⟨

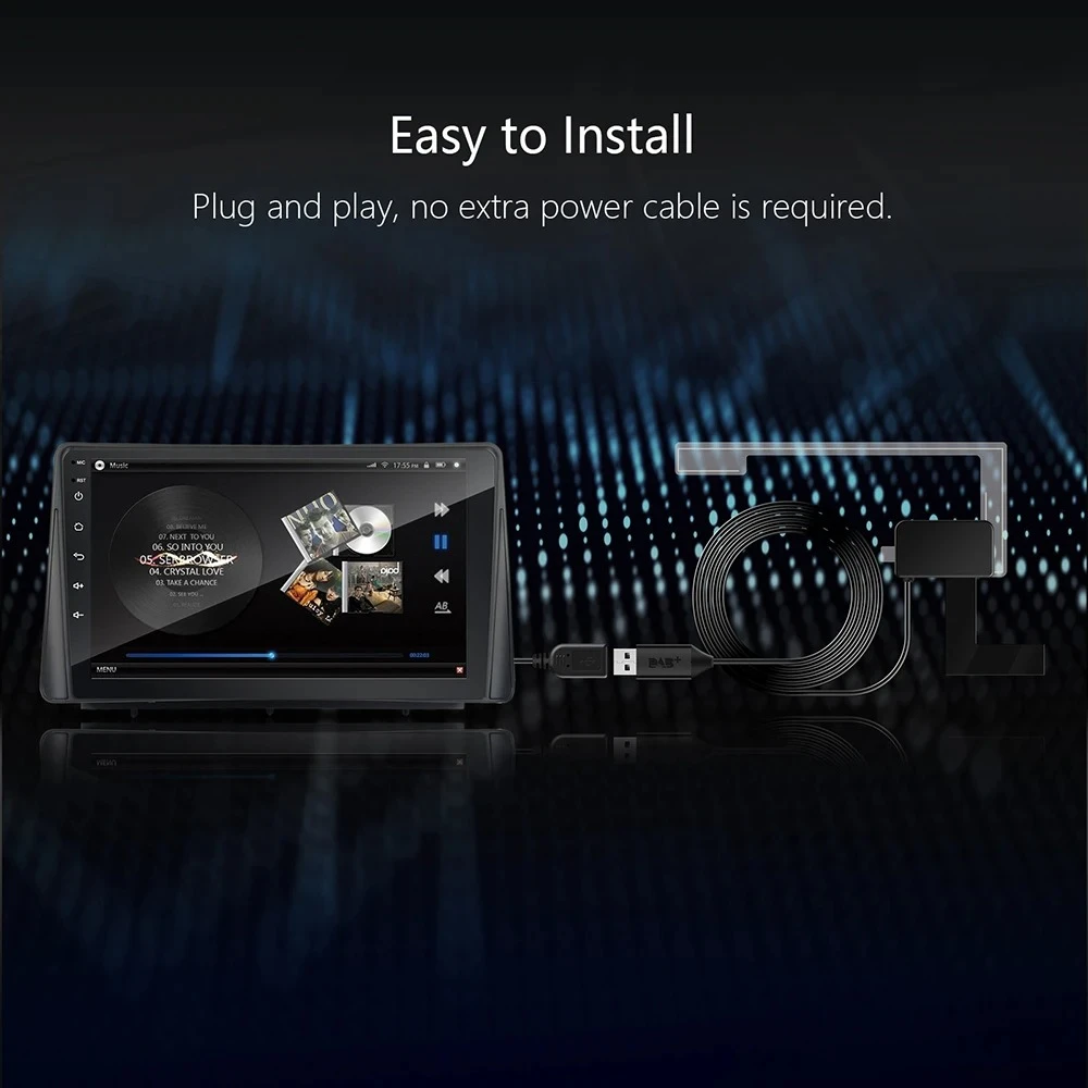 Features: This DAB+ receiver works with most current Android car radios. It is an upgraded version of the DAB+, offering a better operating experience and higher signal reception performance. Its automatic adjustment function further provides drivers with great convenience while driving. Note:This is a digital radio receiver designed for Android players. Download and install the corresponding APP on your Android radio to use it. Not compatible with WinCE system. 1.Suitable for all Android Car radio, Android version4.4 or higher 2.The antenna has superb reception. 3. Plug and play, connect via USB. 4.Receive DAB and DAB+ signals with stable reception and high signal-to-noise ratio. 5.Provide stereo sound and high-qualitysound. Frequency range: 174MHz-239MHz USB interface: USB2.0 Antenna interface: SMA, built-in 5V output APK installation method: 1. Please download APK from the following link. https://apkpure.com/dab-z-player-for-usb-tuners/com.zoulou.dab 2. Copy the APK to the USBflash drive. 3. Plug inthe USBinto your Android device. 4. Install the APK using a file manager or ES file. 5. Connect the USB DAB receiver to the Android radio.
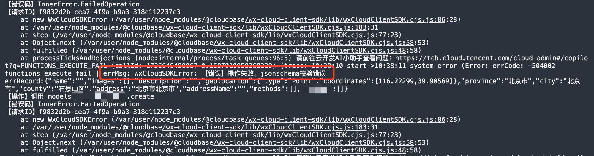 这个模型创建的jsonschema校验给出的结果太模糊了,这样根本不知道是是哪个字段格式问题。
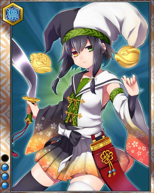 | コメント | 「これがボク……そう、二君の証」 斉藤道三の家臣。 道三と義龍との争いの際、二君に仕える意志を髪型で忠臣の矜持を示し、後の世に道化の名を知らしめた。 |

⟩

Your response must reproduce every line of the data exactly, with images omitted.

** WORKED SOLUTION **
 Features: This DAB+ receiver works with most current Android car radios. It is an upgraded version of the DAB+, offering a better operating experience and higher signal reception performance. Its automatic adjustment function further provides drivers with great convenience while driving. Note:This is a digital radio receiver designed for Android players. Download and install the corresponding APP on your Android radio to use it. Not compatible with WinCE system. 1.Suitable for all Android Car radio, Android version4.4 or higher 2.The antenna has superb reception. 3. Plug and play, connect via USB. 4.Receive DAB and DAB+ signals with stable reception and high signal-to-noise ratio. 5.Provide stereo sound and high-qualitysound. Frequency range: 174MHz-239MHz USB interface: USB2.0 Antenna interface: SMA, built-in 5V output APK installation method: 1. Please download APK from the following link. https://apkpure.com/dab-z-player-for-usb-tuners/com.zoulou.dab 2. Copy the APK to the USBflash drive. 3. Plug inthe USBinto your Android device. 4. Install the APK using a file manager or ES file. 5. Connect the USB DAB receiver to the Android radio.
 这个模型创建的jsonschema校验给出的结果太模糊了,这样根本不知道是是哪个字段格式问题。
 | コメント | 「これがボク……そう、二君の証」 斉藤道三の家臣。 道三と義龍との争いの際、二君に仕える意志を髪型で忠臣の矜持を示し、後の世に道化の名を知らしめた。 |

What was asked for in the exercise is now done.